In preferred embodiments markers are used both on the boundary of the pupil or iris, referred to as boundary markers 22 and on one or more glints, referred to as glint markers 24. The markers on the boundary of the pupil or iris may suitably be substantially evenly distributed around the circumference, for example 4 markers with approximately 90 degrees between them as shown in FIG. 2. The glints on which glint markers should be placed are preferably selected to complement each other and the boundary markers by selecting locations in different areas. The markers are in some embodiments rectangular shapes. The number of markers required for a satisfactory result will be dependent on the image quality.
The step of determining the positions of the markers may be performed in any suitable way. A simple method is outlined here: For ellipses, such as pupils, scanning the perimeter of the previously tracked ellipse, and locate four spots sufficiently far from each other that have locally maximum contrast at the boundaries. For glints, glints having a shape that allows their orientation to be determined, such as V shaped glints may be selected and tracking rectangles may be positioned at the vertices of a few of the glints. The total number of markers should be high enough to ensure a sufficiently reliable tracking, preferably greater than the number of degrees of freedom in the affine matrix. A total of, for example 8 markers may be used per eye.
FIG. 3 is a flow chart of a method that may be used for tracking markers in an image stream. In a first step S31 a number of markers are positioned on a target, the position of which should be monitored. In step S32, the movement of the markers is detected. Step S33 is a decision step. If the detected movement is smaller than a determined threshold, the position of the target is determined based on the detected movement, in step S34. If the detected movement exceeds the determined threshold, the tracker function of the system is activated in step S35.
The movement is preferably detected between two consecutive frames in the image stream but may be detected for frames having a certain spacing between them, such as every second, third or fourth frame. The threshold is typically related to the magnitude of the movement but may also include criteria such as whether the markers all move in substantially the same direction and by the same magnitude. If this is not the case, the tracker should be activated to ensure proper detection of the target's position.
In general, the trackers should be placed in high-contrast areas so that a small movement will be detectable as a significant change in colour and/or brightness. Usually, it will be feasible to position trackers on the boundary of the tracked target.
The motion of the markers may also be detected in step S32 by any suitable algorithm that is able to locate short distance motion vectors with a sufficient accuracy. By way of example, a short distance may be for example smaller than 1.5 pixels and an accuracy of approximately 1/32th of a pixel may be considered sufficient. A number of high-quality motion vector estimators are available on the market.

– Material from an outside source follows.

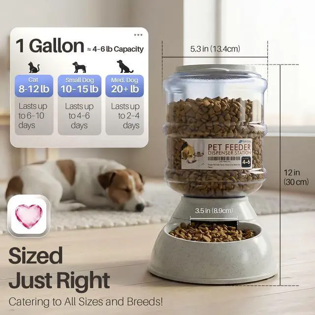 The Auto Replenish Food Dispenser allows fewer refills, convenient for busy owners. It's compact and lightweight form factor makes it portable & easy to carry around. Made of PET plastic, the dispenser station is toxic free and more sustainable than our PVC counterparts. Bases feature Antimicrobial Protection that helps prevent the growth of stain and odor-causing bacteria. An ideal solution for small to medium sized dogs, cats and pet animals

The next step, for the decision step S33, is to build the transformation matrix. This may be done using procedures that are well known to the skilled person. One suitable way, if there are more markers than degrees of freedom in the affine matrix, that is at least four markers for the pupil, is by performing a polyfit of the motion vectors. If the fit error is within an acceptable range, the movement can be determined by a near rigid transformation as discussed above. If the fit error is greater than the threshold, the fit is rejected, and the procedure continues with step S35, in which the actual tracker is activated. The same process is repeated for the glints.